Я распахиваю дверь и выхожу из комнаты для переговоров с такой стремительностью, что застаю врасплох этих торчащих в коридоре подростков. Я случайно стукнула одну из них по ноге своей сумкой.
– Ой! – вскрикивает эта девочка.
И я поворачиваюсь к ней и извиняюсь. Но на самом деле я не чувствую за собой абсолютно никакой вины.
Наконец-то! Вот и моя остановка. Я встаю и проталкиваюсь в выходу сквозь толпу стоящих пассажиров. Опустив голову и не обращая внимания на обеспокоенные комментарии и протесты, я продвигаюсь к дверям автобуса, чтобы выйти первой. Вот я уже бегу по тротуару, подошвы ботинок стучат в такт – раз, два, раз, два. Я сделаю все что угодно, чтобы добраться туда поскорее, чтобы оказаться там прямо сейчас.
Я больше не могу бежать. Вообще-то я практически никогда не бегаю. В правом боку нарастает острая боль, которая становится все более настойчивой и невыносимой. Я пытаюсь не обращать на нее внимания, но не могу. Я должна остановиться.
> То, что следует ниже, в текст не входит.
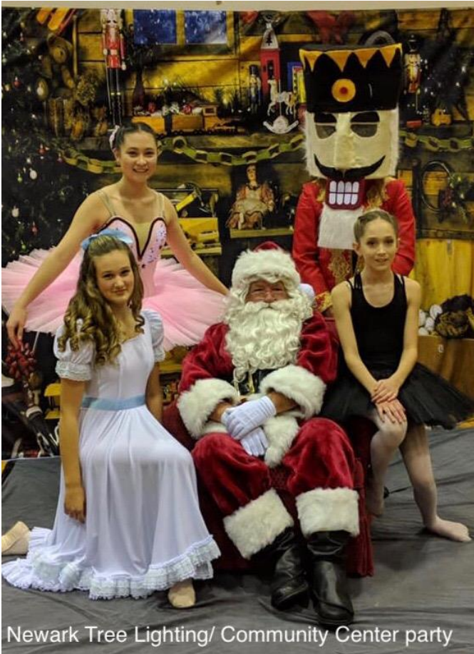
Newark Tree Lighting/ Community Center party

Dance With Me Studios' goal is to provide a fun and affordable dance program so all children can have an opportunity to dance. As part of our program, children grow into talented dancers as well as learn valuable lifelong lessons. Our focus is not just on teaching dance- we teach all our students to be respectful, responsible, and active members of their community. Our dancers participate in numerous activities in Wayne and Ontario County- including Newark's Halloween party at the Community Center and Tree Lighting ceremony in December.
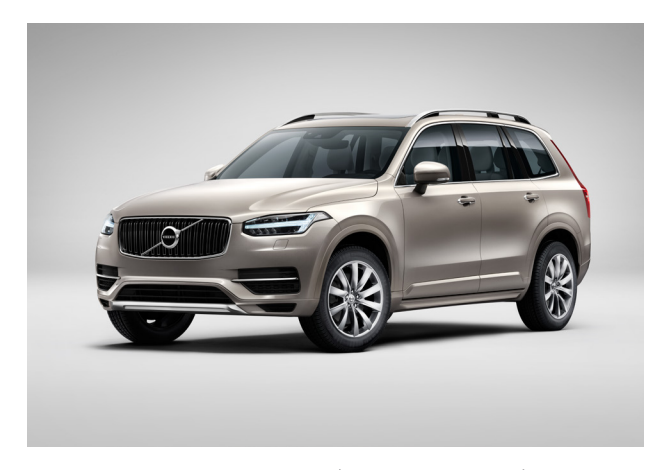
XC90 Momentum (5 Seats / 7 Seats)

Я прислоняюсь к заборчику какого-то палисадника, пытаясь восстановить дыхание, боль потихоньку отступает. Мой телефон издает сигнал, и я с удивлением смотрю на экран. Похоже, что он, как Лазарь, снова ожил, хотя до этого был абсолютно мертвым. Экран покрыт паутинкой трещин, но я все же могу разобрать текст сообщения от Зоры: «Они уже приехали? Она дома?»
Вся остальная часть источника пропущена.